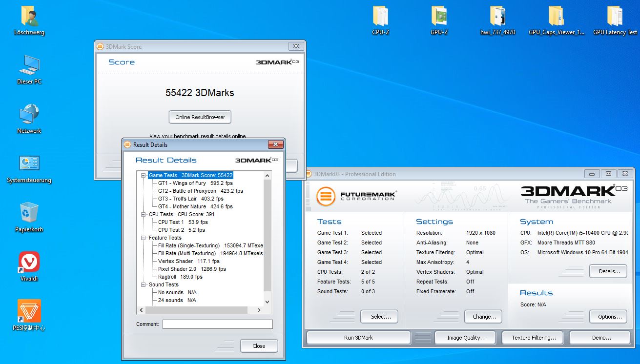 -> Weder World of Tanks noch der WoT enCore Benchmark laufen derzeit auf der MTT S80, egal welche Einstellungen man wählt oder in der preferences.xml manuell setzt.
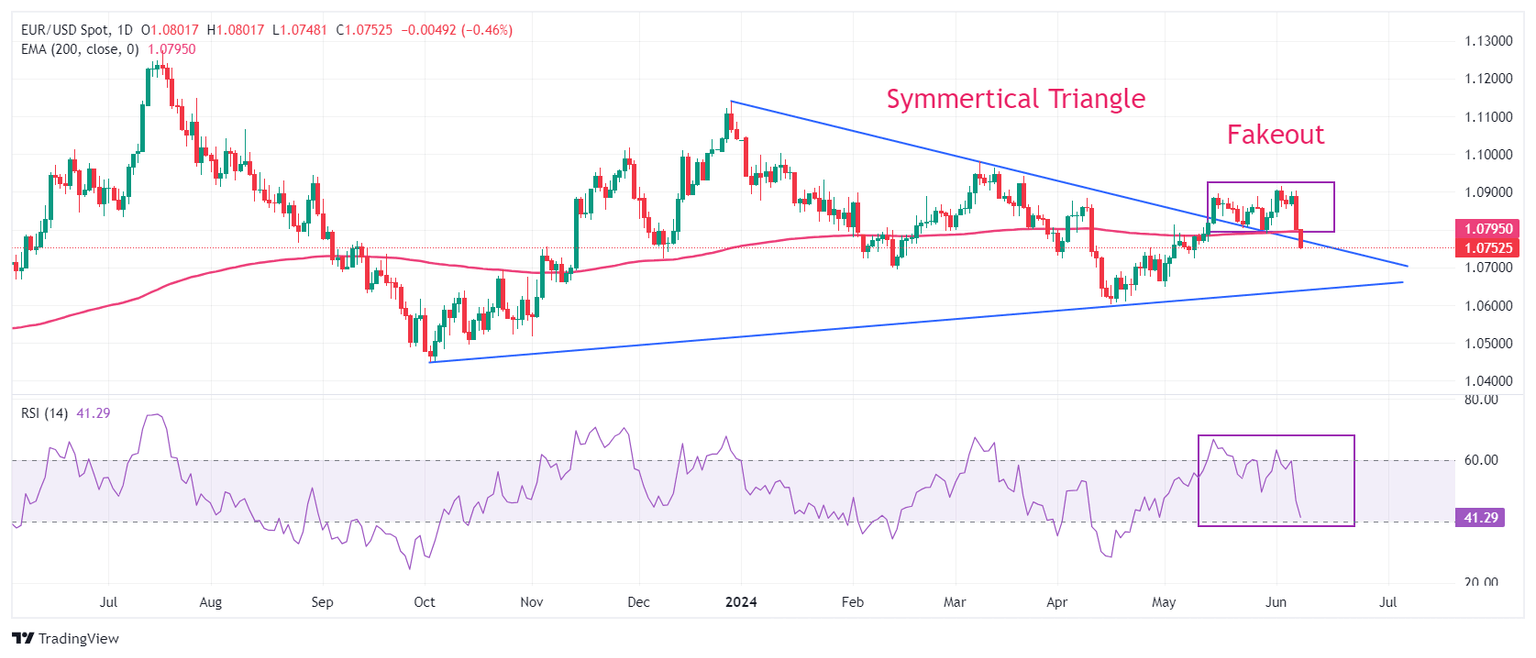EUR/USD extends its decline to 1.0730 in Monday's New York session. The major currency pair weakens as political uncertainty in the Eurozone after French President Emmanuel Macron calls for a snap election weighed heavily on the Euro. Macron’s unexpected move on Sunday evening came after exit polls indicated that Marine Le Pen’s far-right National Rally (RN) scored 32%-33% seats in European parliamentary elections under the leadership of the party’s president, Jordan Bardella, which was more than double from Macron’s centrist’s list.
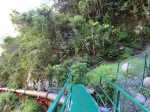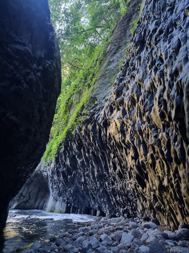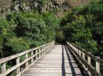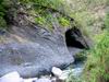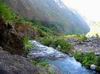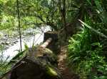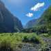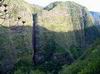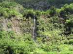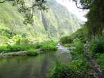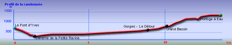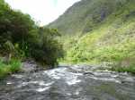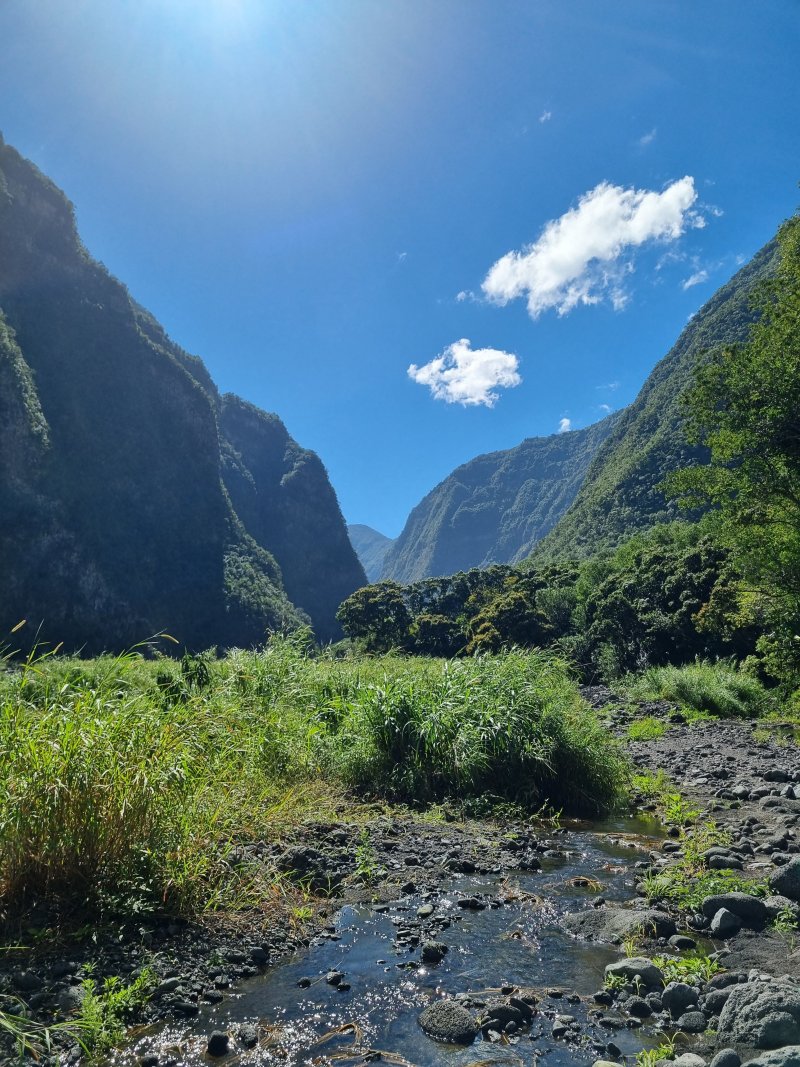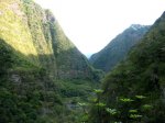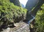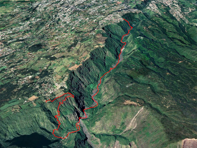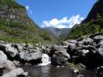 La randonnée débute à Pont d'Yves avec très peu de place pour garer un véhicule au fond de la petite impasse. Le sentier, assez abrupt, descend à flanc de falaise (Photo 1) jusqu'à la rivière, un peu en amont de la Caverne de la Petite Ravine en alternant terre, marches plus ou moins hautes et rondins sans oublier les grosses pierres (Photo 2). Il donne une bonne idée de celui qu'il faudra remonter à partir de Grand Bassin pour terminer la sortie en forte pente. La végétation pauvre en bois de couleurs mais riche en pestes de toutes sortes empêche souvent les points de vue sur la vallée. Quand on peut voir au loin, c'est pour se retrouver face à une falaise coupée verticalement par la très haute chute de la Ravine de l'Argamasse (Photo 2) qui arrive du hameau du même nom, déjà visité par les Sentiers des Trophées Mondiaux ou Le Doyen. On arrive en une vingtaine de minutes de descente continue aux berges du Bras de la Plaine qu'on entend couler depuis le sommet (Photo 4). A gauche débutent les itinéraires vers les gorges ou l'Îlet Tata. A droite, suivre la piste détruite ayant servi à la réfection du barrage. Plus loin, marcher aux meilleurs endroits du terrain en longeant au plus près le torrent. Dans un virage de la rivière vers la gauche, en face, ne pas manquer le départ du sentier repérable à la peinture blanche sur les galets. Dès qu'on a franchi la butte très glissante constituée de sable et de galets mélangés, le sentier, de très bonne qualité apparaît (Photo 6). Il chemine à l'ombre de faux poivriers le long d'une canalisation qui est soit aérienne, soit enterrée et recouverte du sentier lui-même, donc droit et plat. Les petites ravines sont traversées par des passerelles qui soutiennent le tuyau et on les franchit (Photo 7). Prendre à droite pour éviter l'édifice rouillé et traverser le Bras Sec. On passe également une large passerelle en bois (Photo 8) d'où l'on bénéficie de beaux points de vue sur la rivière (Photo 9). A Grand Coin, le sentier se sépare en deux : à gauche, marcher sur la passerelle pour avoir un point de vue sur le barrage du Bras de la Plaine puis revenir à droite pour emprunter le sentier désormais officiel. Il est étroit, bordé de chocas et domine le précipice vers la rivière, monte en pente légère et finit en haut du barrage, en rive gauche. Profiter du mur bétonné pour étudier les installations et poursuivre vers l'amont. Quatre kilomètres de rivière attendent le marcheur pour rejoindre le pied de la cascade de Grand Bassin. Certaines traces sont bien visibles le long de la rivière et des barres rocheuses qui la longent (Photo 10). Marcher quelques minutes au plus près de l'eau avant d'emprunter le sentier qui part sur la droite en longeant une nouvelle canalisation (Photo 11). Passer une nouvelle fois la rivière et suivre les traces de peinture de plusieurs couleurs sur les galets vers le prochain gîte (Photo 12). On remarque plusieurs habitations dans la verdure des berges dominant le bras. Puis, après un bassin, traverser pour rejoindre le l'Îlet Paradisiaque pour s'y désaltérer si les installations sont ouvertes au public (Photo 13). L'endroit est effectivement charmant et incite à y venir passer une nuit. Sinon, poursuivre pour retrouver un nouveau sentier qui grimpe sur la falaise dans une végétation touffue (Photo 14). On frôle une adorable petite case blanche dans les bananiers avant de parvenir aux tentes de l'Îlet Boulon. Le sentier se poursuit encore quelques centaines de mètres pour se terminer sur la berge. On alterne alors entre les parties larges remplies de galets et de sable, les zones étroites et encaissées, les hautes herbes, les touffes de bois de chapelets, les gués plus ou moins larges et l'on voit se rapprocher les hautes falaises vers Grand Bassin. La rivière est toujours aussi fougueuse (Photo 15). Les falaises abruptes du Contour Vaquérois au pied du Piton Petit Louis se passent tout aussi facilement que la rivière en se mouillant les pieds si nécessaire (Photo 16). Une petite canalisation subsiste sur la paroi verticale mais ne doit plus avoir d'eau depuis longtemps (Photo 17). Sur la gauche coulent de petites cascades (Photo 18). Traverser le Bras des Roches Noires au fond plus rocheux que tout ce qu'on vient de remonter (Photo 19) et marcher en direction de la cascade du Voile de la Mariée en franchissant une surface importante de hautes herbes, longoses et cannes fourragères (Photo 20). La baignade est très souvent possible et représente une agréable récréation en saison chaude. Le sentier qui remonte à Grand Bassin grimpe fortement au départ et devient plus plat à la hauteur du haut de la chute. On peut s'approcher du haut de la falaise mais attention de ne pas glisser des rochers pour une autre vue de cette belle chute (Photo 21). La remontée à Grand Bassin puis Bois Court, très classique à la Réunion, passe par un sentier qui franchit un gué du Bras de Sainte-Suzanne, traverse quelques champs et vergers microscopiques avant d'arriver dans les "rues" étroites du village, bordées de murs en pierres sèches (Photo 22). Sèches n'est pas toujours l'adjectif qui convient car la mousse et l'humidité de ce fond de vallée les rendent souvent humides ! Partout dans le village, des gîtes permettent de se ravitailler ou se désaltérer avant d'attaquer la forte pente maintes fois décrite vers le belvédère de l'Horloge à Eau. La remontée est longue, comporte de hautes marches et semble ne jamais finir. D'importants travaux d'aménagements hydrauliques ont un peu modifié le paysage mais des escaliers et passerelles évitent de les enjamber (photo 23). Les lacets sont nombreux, souvent caillouteux mais en prenant son temps on est certain d'arriver sans trop de fatigue. Les points de vue sur Grand Bassin ou les vallées sont nombreux (Photo 24). Le plus agréables de tous et de pouvoir revoir de haut la cascade qui a marq

-- TASK DIRECTIONS --
In the answer, set down only the lines from the opening line of the listing through the line that holds "EUR/USD extends its", exactly as they appear, minus the pictures.

-- TASK RESPONSE --
 -> Weder World of Tanks noch der WoT enCore Benchmark laufen derzeit auf der MTT S80, egal welche Einstellungen man wählt oder in der preferences.xml manuell setzt.
EUR/USD extends its decline to 1.0730 in Monday's New York session. The major currency pair weakens as political uncertainty in the Eurozone after French President Emmanuel Macron calls for a snap election weighed heavily on the Euro. Macron’s unexpected move on Sunday evening came after exit polls indicated that Marine Le Pen’s far-right National Rally (RN) scored 32%-33% seats in European parliamentary elections under the leadership of the party’s president, Jordan Bardella, which was more than double from Macron’s centrist’s list.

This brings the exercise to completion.